Viganó escribió a Benedicto para denunciar esta corrupción, al tiempo que tomaba medidas para atajarla, estropeando muchos negocios a gente importante de la Curia. Hasta que algunos de esos mensajes, junto con otros que exponían igualmente la corrupción de las altas esferas vaticanas, se filtraron a la prensa en el escándalo conocido como VatiLeaks.
Se halló al culpable o, al menos, se encontró culpable y se condenó al mayordomo personal de Su Santidad, que fue casi inmediatamente indultado, lo que llevó a muchos a pensar que las filtraciones habían sido aprobadas por el propio pontífice para iniciar una ‘operación limpieza’.
El caso es que el asunto VatiLeaks dio a Benedicto una razón -o un pretexto, si se quiere- para iniciar una investigación sobre la corrupción en la Curia en particular y en la jerarquía en general, investigación que encargó a tres cardenales: Julián Herranz, Jozef Tomko y Salvatore De Giorgi.
El resultado fue el informe del que hablamos y que, al parecer, junto a la corrupción económica había encontrado muy extendida la corrupción moral entre representantes del alto clero, especialmente en su vertiente homosexual.
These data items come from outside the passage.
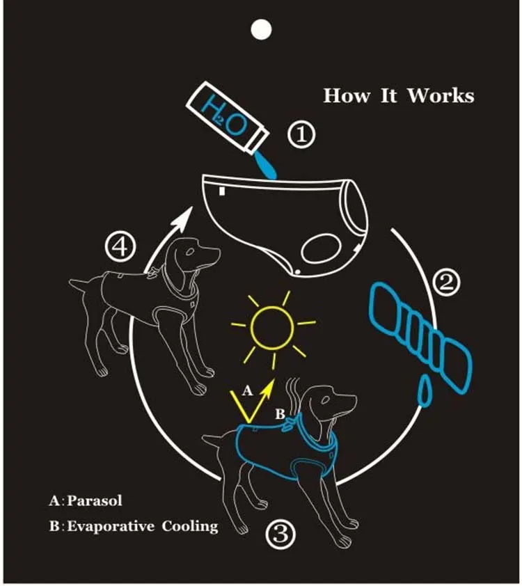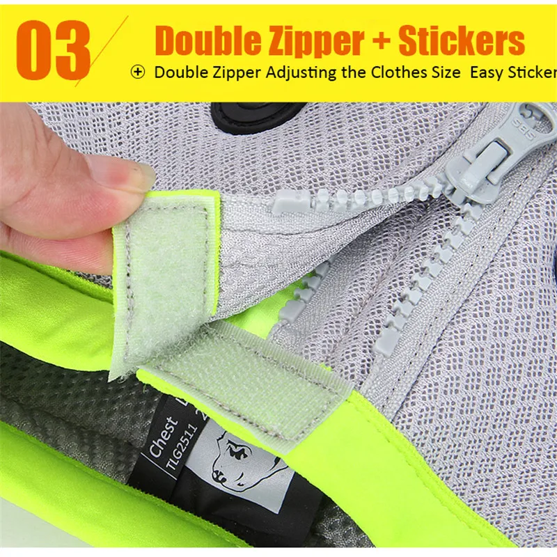 Material: malla con forro de algodón absorbente, reflectante 3M, cremallera SBS, anillo en D de aleación de aluminio, inmersión en agua fría-escurrir en seco-Enfriar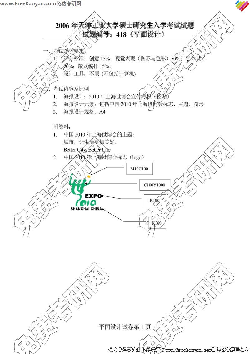 天津工业大学2006年半岛在线注册真题-平面设计(418)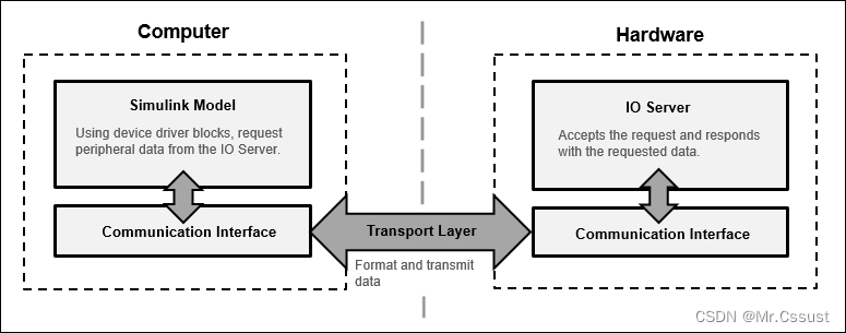 分布式仿真,也称半实物仿真,Mathworks官方的说法是Connected I/O Simulation,顾名思义就是仿真模型的运行不全在Computer上。Contrl Model被分成两部分,纯算法的Model仍在Computer上运行,I/O之类的外设在外部MCU(I/O Server)上执行,Computer和外部MCU之间通过Serial协议进行连接。当仿真运行时,Model Block向IO Server发送命令和请求数据。Plane Model用真实世界中的物理实体替代,并受IO Server控制,整体框架示例如下: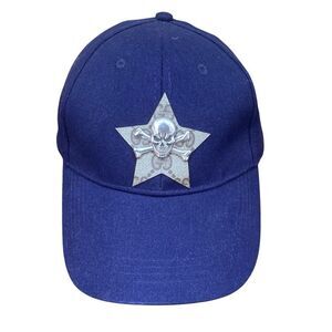 Upcycled Gucci Canvas Logo Navy Blue Felt Baseball Hat/Cap w/ Silver Skull

El Vaticano informó en su momento que el Papa había leído el informe y que había decidido no hacerlo público, sino traspasarlo a su sucesor para que hiciera lo que estimara conveniente. Unas semanas más tarde, de forma sorprendente, Benedicto anunciaba su renuncia alegando que no se veía con fuerzas para afrontar las reformas que la Iglesia necesitaba.
Y entregó el famoso informe a Francisco, que no sólo no lo ha hecho público sino, que sepamos, no ha vuelto a mencionarlo.
Pero si el informe está a buen recaudo en poder de Francisco, o incluso si ha pasado ya por la trituradora de papel, hay, como poco, tres personas que lo conocen bien y que con toda probabilidad guardarán copia del mismo: Julian Herranz, Jozef Tomko y Salvatori De Giorgi.
Y ésta es la ‘bomba’ de la que hablan ya publicaciones como Il Giornale, entre otros muchos, que recogen el rumor que corre como la pólvora en la Roma que se despide del verano y en la que, de creer a los alarmista, abundan los prelados a los que no les llega la camisa al cuello.
De este informe saldría casi con toda seguridad la ‘lista negra’ que amenaza con hacerse pública y, probablemente, el informe que algunos esperan sobre el cardenal Farrell.
El secreto de oficio -cubierto por sanciones morales y canónicas- ha sido hasta ahora la salvaguarda de estos secretos. Pero Viganò podría haber abierto la veda y muchos funcionarios obligados por él quizá estén en este momento discerniendo, según la doctrina de moda de la primacía de la conciencia, si no harán un mayor bien a la Iglesia rompiéndolo.
El secreto de oficio -cubierto por sanciones morales y canónicas- ha sido hasta ahora la salvaguarda de estos secretos. Pero Viganò podría haber abierto la veda y muchos funcionarios obligados por él quizá estén en este momento discerniendo, según la doctrina de moda de la primacía de la conciencia, si no harán un mayor bien a la Iglesia rompiéndolo.